> [Exercise prompt] Leaving out the pictures, restate each record below word for word.

> [Data for processing]

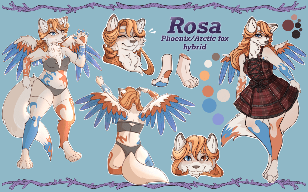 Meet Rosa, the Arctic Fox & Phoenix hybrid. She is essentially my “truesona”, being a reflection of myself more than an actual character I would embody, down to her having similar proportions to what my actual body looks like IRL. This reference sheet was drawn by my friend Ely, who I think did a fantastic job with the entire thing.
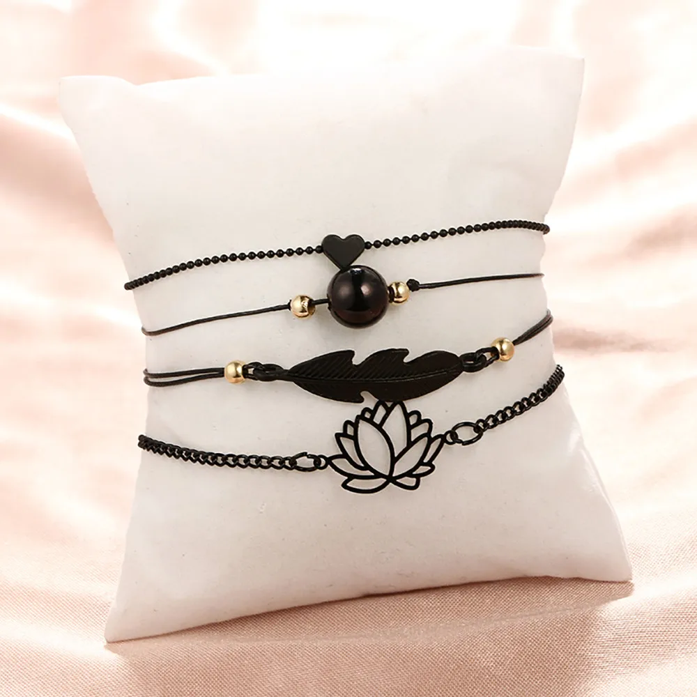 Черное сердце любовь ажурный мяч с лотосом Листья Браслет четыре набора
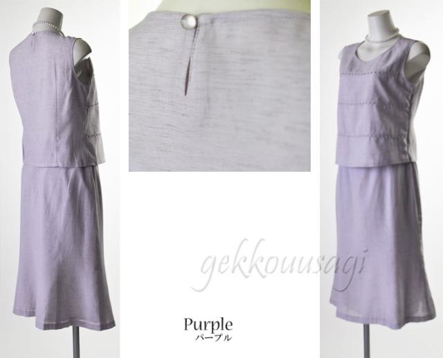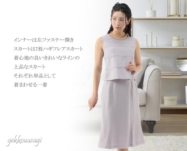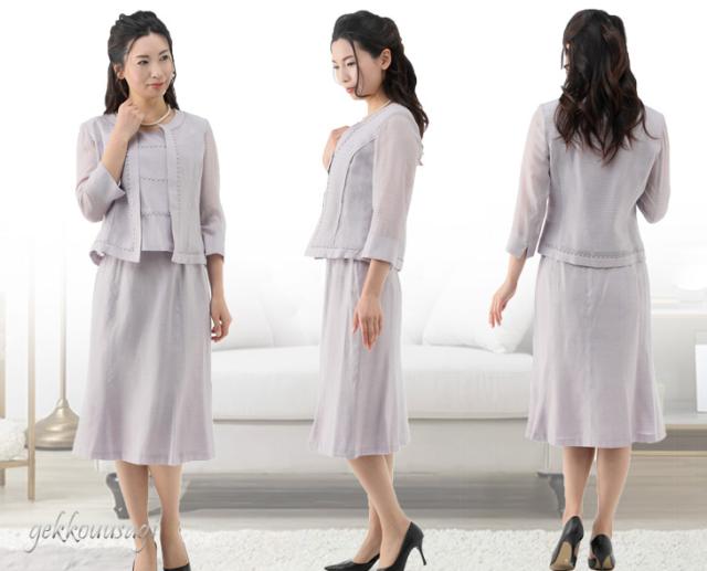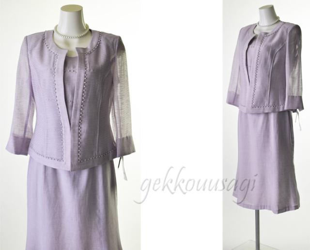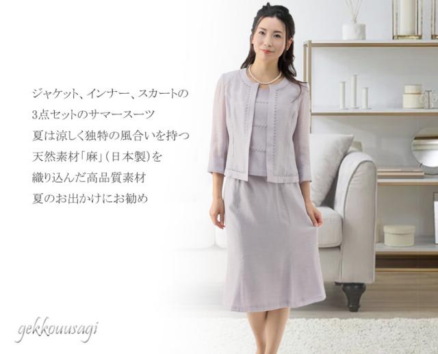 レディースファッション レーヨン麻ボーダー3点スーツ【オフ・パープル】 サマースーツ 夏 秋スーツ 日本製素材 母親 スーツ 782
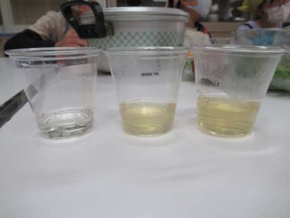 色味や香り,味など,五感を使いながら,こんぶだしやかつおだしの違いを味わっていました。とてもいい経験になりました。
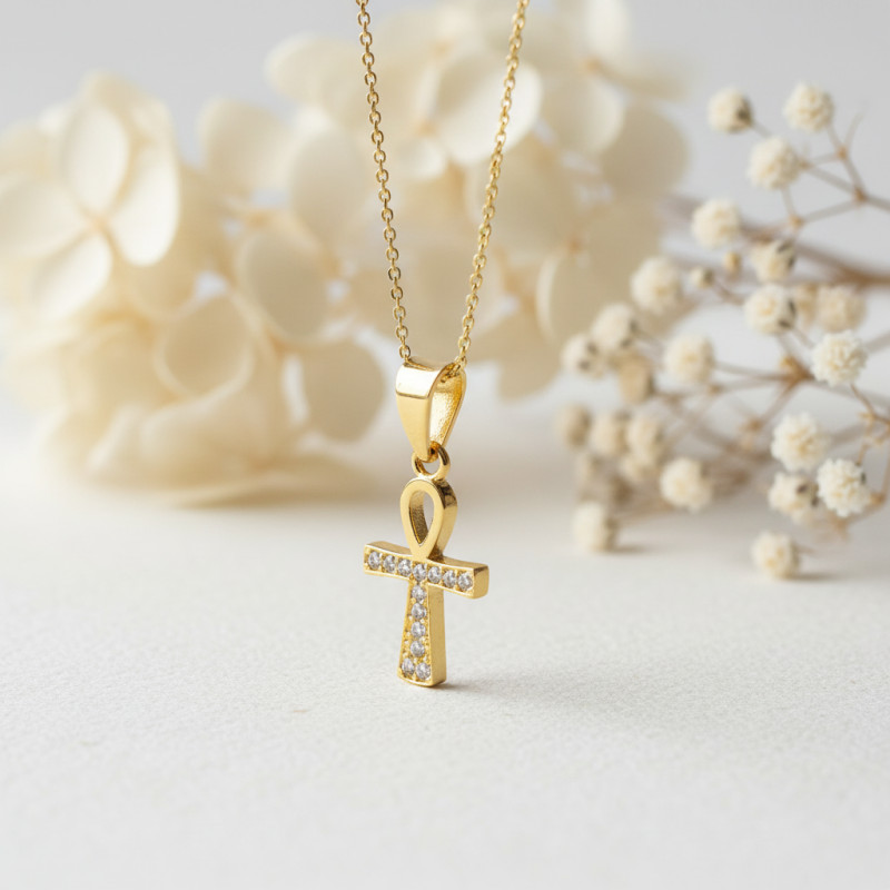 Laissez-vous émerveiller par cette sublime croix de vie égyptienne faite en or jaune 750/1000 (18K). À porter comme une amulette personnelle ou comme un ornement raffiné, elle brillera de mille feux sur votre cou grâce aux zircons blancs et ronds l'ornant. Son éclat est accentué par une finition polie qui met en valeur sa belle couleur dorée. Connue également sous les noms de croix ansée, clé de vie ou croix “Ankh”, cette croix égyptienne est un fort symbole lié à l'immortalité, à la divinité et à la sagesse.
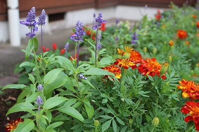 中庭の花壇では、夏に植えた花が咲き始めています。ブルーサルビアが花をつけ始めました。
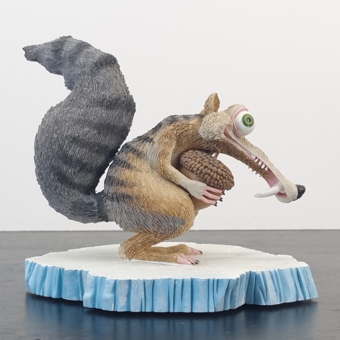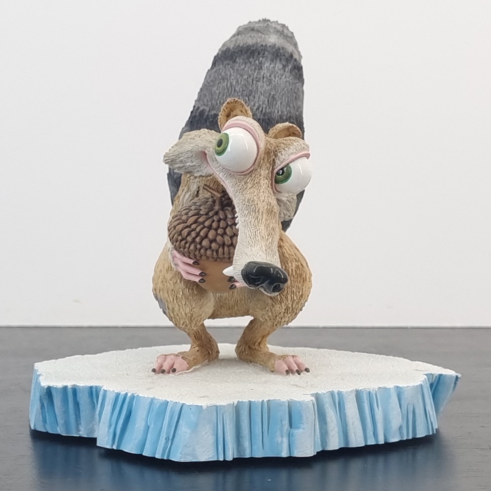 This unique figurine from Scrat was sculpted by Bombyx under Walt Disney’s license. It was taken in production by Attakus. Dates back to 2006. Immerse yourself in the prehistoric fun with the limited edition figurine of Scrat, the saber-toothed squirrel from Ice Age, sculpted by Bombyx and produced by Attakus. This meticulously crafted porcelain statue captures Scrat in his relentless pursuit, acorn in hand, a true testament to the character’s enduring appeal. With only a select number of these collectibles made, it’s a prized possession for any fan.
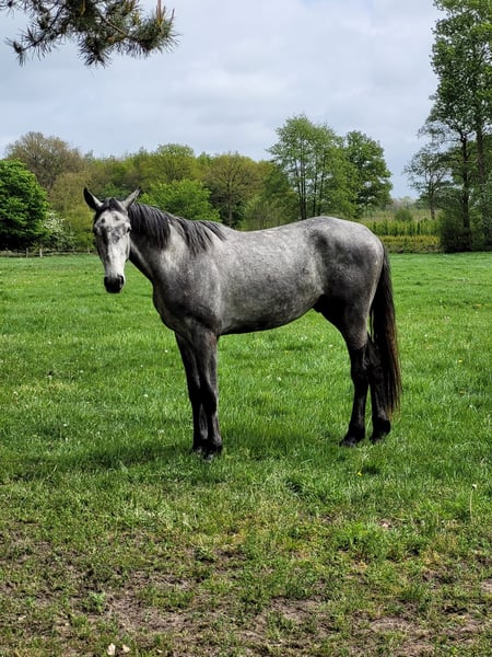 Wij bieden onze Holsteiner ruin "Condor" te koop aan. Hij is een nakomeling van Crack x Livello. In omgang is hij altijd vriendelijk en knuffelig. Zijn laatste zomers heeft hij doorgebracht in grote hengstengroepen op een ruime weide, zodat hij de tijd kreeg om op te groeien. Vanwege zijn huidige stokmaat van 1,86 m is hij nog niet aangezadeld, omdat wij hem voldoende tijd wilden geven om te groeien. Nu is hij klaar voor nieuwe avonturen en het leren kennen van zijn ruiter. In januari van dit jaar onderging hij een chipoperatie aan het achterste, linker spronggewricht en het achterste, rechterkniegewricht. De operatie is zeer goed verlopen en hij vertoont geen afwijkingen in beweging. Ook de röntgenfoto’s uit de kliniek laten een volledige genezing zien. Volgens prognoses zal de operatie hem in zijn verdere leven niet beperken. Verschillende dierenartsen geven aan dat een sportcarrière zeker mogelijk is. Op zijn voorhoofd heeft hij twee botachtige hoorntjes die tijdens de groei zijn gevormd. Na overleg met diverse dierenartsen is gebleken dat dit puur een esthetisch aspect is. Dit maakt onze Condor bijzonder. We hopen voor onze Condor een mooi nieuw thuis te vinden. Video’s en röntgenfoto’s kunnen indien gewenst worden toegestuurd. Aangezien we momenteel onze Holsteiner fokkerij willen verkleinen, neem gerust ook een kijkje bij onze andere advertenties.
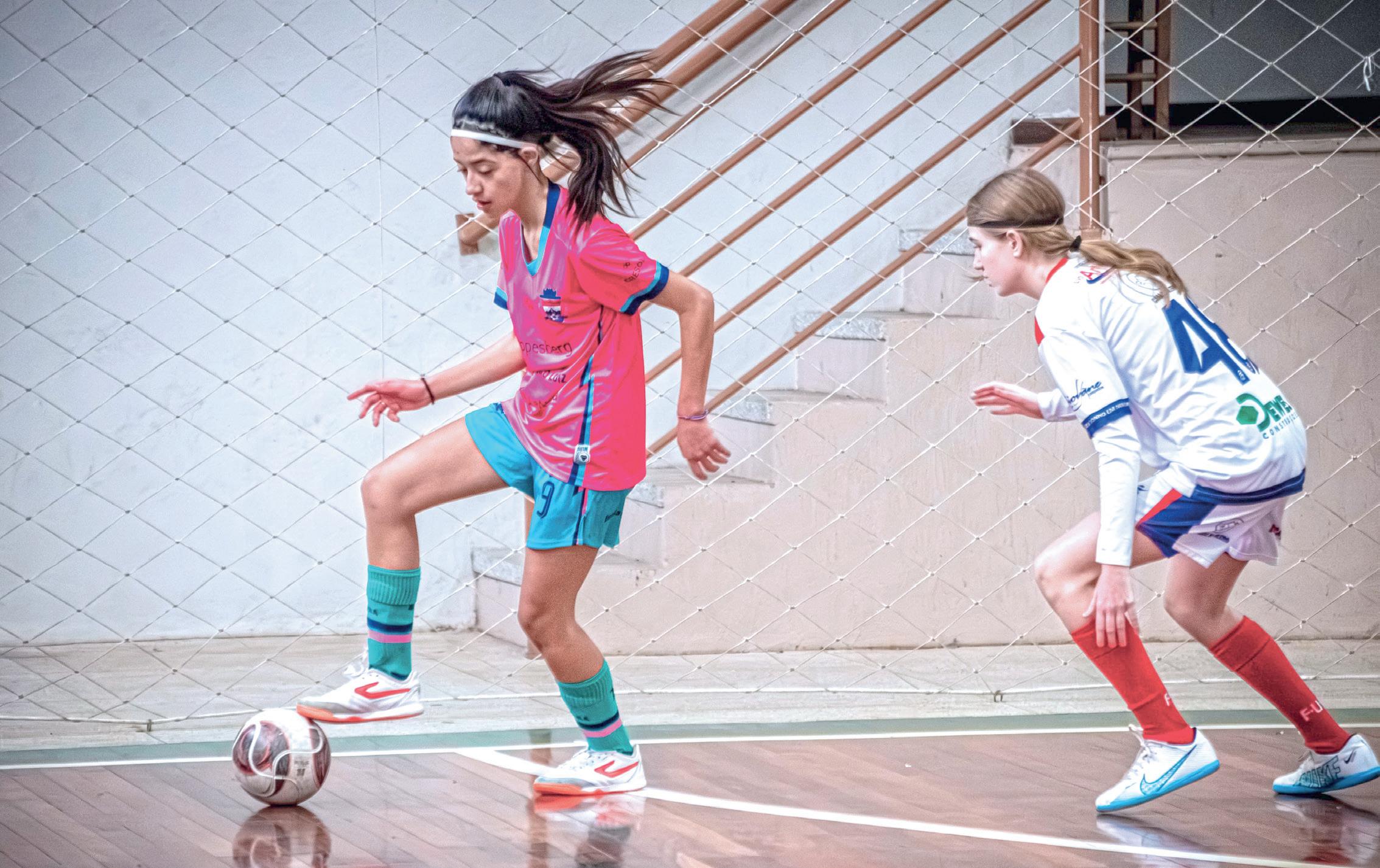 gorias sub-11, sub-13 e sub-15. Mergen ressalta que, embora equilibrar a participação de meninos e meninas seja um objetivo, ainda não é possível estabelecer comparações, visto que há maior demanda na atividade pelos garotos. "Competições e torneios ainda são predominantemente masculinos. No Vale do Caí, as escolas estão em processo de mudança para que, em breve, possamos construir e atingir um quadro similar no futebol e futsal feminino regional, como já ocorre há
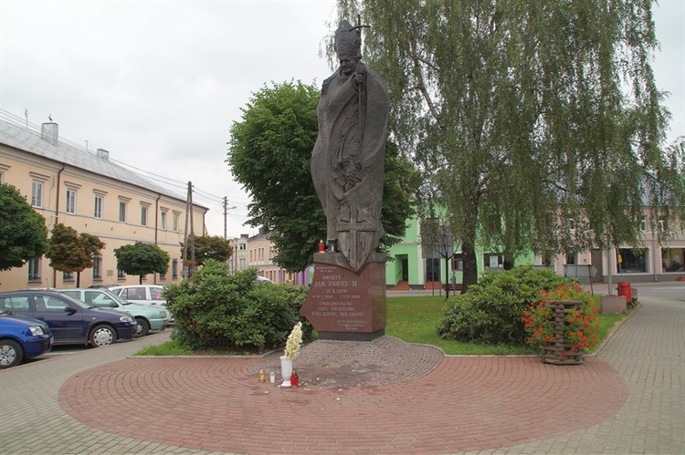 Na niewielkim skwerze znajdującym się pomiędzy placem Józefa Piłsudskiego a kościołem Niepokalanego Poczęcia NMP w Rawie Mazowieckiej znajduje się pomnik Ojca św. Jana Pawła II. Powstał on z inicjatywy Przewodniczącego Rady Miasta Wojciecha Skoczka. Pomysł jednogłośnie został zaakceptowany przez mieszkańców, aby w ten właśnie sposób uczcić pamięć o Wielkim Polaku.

> [Response]
 Meet Rosa, the Arctic Fox & Phoenix hybrid. She is essentially my “truesona”, being a reflection of myself more than an actual character I would embody, down to her having similar proportions to what my actual body looks like IRL. This reference sheet was drawn by my friend Ely, who I think did a fantastic job with the entire thing.
 Черное сердце любовь ажурный мяч с лотосом Листья Браслет четыре набора
 レディースファッション レーヨン麻ボーダー3点スーツ【オフ・パープル】 サマースーツ 夏 秋スーツ 日本製素材 母親 スーツ 782
 色味や香り,味など,五感を使いながら,こんぶだしやかつおだしの違いを味わっていました。とてもいい経験になりました。
 Laissez-vous émerveiller par cette sublime croix de vie égyptienne faite en or jaune 750/1000 (18K). À porter comme une amulette personnelle ou comme un ornement raffiné, elle brillera de mille feux sur votre cou grâce aux zircons blancs et ronds l'ornant. Son éclat est accentué par une finition polie qui met en valeur sa belle couleur dorée. Connue également sous les noms de croix ansée, clé de vie ou croix “Ankh”, cette croix égyptienne est un fort symbole lié à l'immortalité, à la divinité et à la sagesse.
 中庭の花壇では、夏に植えた花が咲き始めています。ブルーサルビアが花をつけ始めました。
 This unique figurine from Scrat was sculpted by Bombyx under Walt Disney’s license. It was taken in production by Attakus. Dates back to 2006. Immerse yourself in the prehistoric fun with the limited edition figurine of Scrat, the saber-toothed squirrel from Ice Age, sculpted by Bombyx and produced by Attakus. This meticulously crafted porcelain statue captures Scrat in his relentless pursuit, acorn in hand, a true testament to the character’s enduring appeal. With only a select number of these collectibles made, it’s a prized possession for any fan.
 Wij bieden onze Holsteiner ruin "Condor" te koop aan. Hij is een nakomeling van Crack x Livello. In omgang is hij altijd vriendelijk en knuffelig. Zijn laatste zomers heeft hij doorgebracht in grote hengstengroepen op een ruime weide, zodat hij de tijd kreeg om op te groeien. Vanwege zijn huidige stokmaat van 1,86 m is hij nog niet aangezadeld, omdat wij hem voldoende tijd wilden geven om te groeien. Nu is hij klaar voor nieuwe avonturen en het leren kennen van zijn ruiter. In januari van dit jaar onderging hij een chipoperatie aan het achterste, linker spronggewricht en het achterste, rechterkniegewricht. De operatie is zeer goed verlopen en hij vertoont geen afwijkingen in beweging. Ook de röntgenfoto’s uit de kliniek laten een volledige genezing zien. Volgens prognoses zal de operatie hem in zijn verdere leven niet beperken. Verschillende dierenartsen geven aan dat een sportcarrière zeker mogelijk is. Op zijn voorhoofd heeft hij twee botachtige hoorntjes die tijdens de groei zijn gevormd. Na overleg met diverse dierenartsen is gebleken dat dit puur een esthetisch aspect is. Dit maakt onze Condor bijzonder. We hopen voor onze Condor een mooi nieuw thuis te vinden. Video’s en röntgenfoto’s kunnen indien gewenst worden toegestuurd. Aangezien we momenteel onze Holsteiner fokkerij willen verkleinen, neem gerust ook een kijkje bij onze andere advertenties.
 gorias sub-11, sub-13 e sub-15. Mergen ressalta que, embora equilibrar a participação de meninos e meninas seja um objetivo, ainda não é possível estabelecer comparações, visto que há maior demanda na atividade pelos garotos. "Competições e torneios ainda são predominantemente masculinos. No Vale do Caí, as escolas estão em processo de mudança para que, em breve, possamos construir e atingir um quadro similar no futebol e futsal feminino regional, como já ocorre há
 Na niewielkim skwerze znajdującym się pomiędzy placem Józefa Piłsudskiego a kościołem Niepokalanego Poczęcia NMP w Rawie Mazowieckiej znajduje się pomnik Ojca św. Jana Pawła II. Powstał on z inicjatywy Przewodniczącego Rady Miasta Wojciecha Skoczka. Pomysł jednogłośnie został zaakceptowany przez mieszkańców, aby w ten właśnie sposób uczcić pamięć o Wielkim Polaku.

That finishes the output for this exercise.